Dengan metode saya, kami mengembangkan kebiasaan makan yang keras selama seminggu, seperti “berdiet” selama seminggu, dan kemudian kami makan lebih normal pada akhir pekan dan hari libur. Ini adalah pola 5/2 terkenal yang saya perkenalkan 35 tahun lalu yang telah menjadi sangat populer. Misalnya, seorang wanita yang memiliki tingkat metabolisme 1800 mungkin makan tidak lebih dari 1000 kalori pada hari kerja dan kemudian setidaknya 1200 pada hari akhir pekan, tetapi tidak lebih dari 1800 pada hari-hari akhir pekan dan hari libur. Makan di luar dapat dilakukan dalam parameter tersebut pada hari-hari akhir pekan, bahkan menikmati minuman dan kue ulang tahun. Dengan begitu, Anda tidak menghilangkan kesenangan dalam hidup itu. Bekerja keras selama seminggu, sedikit bersantai di akhir pekan, dan Senin, kembali bekerja.

Untuk memudahkan selama seminggu, bukanlah ide yang buruk untuk menggunakan makan malam beku seperti Lean Masakan atau makanan Weight-Watcher untuk makan siang dan makan malam, atau protein shake untuk sarapan atau makan siang. Itu akan membuatnya lebih mudah untuk mencapai tujuan kalori Anda tanpa banyak menghitung kalori.

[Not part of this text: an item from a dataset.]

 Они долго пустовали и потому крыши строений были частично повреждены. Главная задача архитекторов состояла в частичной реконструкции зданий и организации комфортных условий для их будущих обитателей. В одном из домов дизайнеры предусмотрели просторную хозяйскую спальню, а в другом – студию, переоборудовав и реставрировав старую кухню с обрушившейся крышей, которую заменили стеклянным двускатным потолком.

Tapi jangan kembali ke kebiasaan lama bertanggung jawab pada hari kerja dan kemudian benar-benar lepas kendali pada akhir pekan. Anda masih harus bertanggung jawab di akhir pekan. Di akhir pekan, penting untuk makan makanan yang Anda suka dalam jumlah kalori yang tepat untuk mencapai target kalori Anda. Akhir pekan bukanlah waktu untuk berhati-hati terhadap angin dan menjadi liar. Ini adalah waktu untuk mempelajari cara makan apa yang benar-benar Anda sukai dalam porsi yang sesuai dengan tujuan kalori Anda. Jadi, Anda harus rela bekerja di akhir pekan untuk belajar tentang makanan yang Anda sukai dan menghitungnya.

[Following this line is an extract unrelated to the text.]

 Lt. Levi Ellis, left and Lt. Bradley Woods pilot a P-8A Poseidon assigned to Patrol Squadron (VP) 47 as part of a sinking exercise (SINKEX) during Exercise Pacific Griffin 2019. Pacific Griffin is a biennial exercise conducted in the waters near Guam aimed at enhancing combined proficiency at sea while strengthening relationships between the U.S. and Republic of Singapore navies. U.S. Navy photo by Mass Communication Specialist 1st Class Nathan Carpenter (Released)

Meskipun kita tidak harus melepaskan makanan yang kita sukai untuk mengontrol berat badan kita, ada beberapa hal yang harus ditinggalkan oleh kebanyakan orang. Makan sebagai hobi atau hiburan adalah sesuatu yang akan membuat siapa pun kelebihan berat badan. Jika kita meraih sesuatu setiap kali kita menginginkannya, mudah untuk mengonsumsi ribuan kalori ekstra tanpa menyadarinya. Jadi, ngemil sebagai hobi harus dihilangkan, dan “makan emosional”, jenis makan yang dilakukan orang untuk menenangkan perasaan terluka atau menghilangkan stres, menggunakan makanan sebagai obat.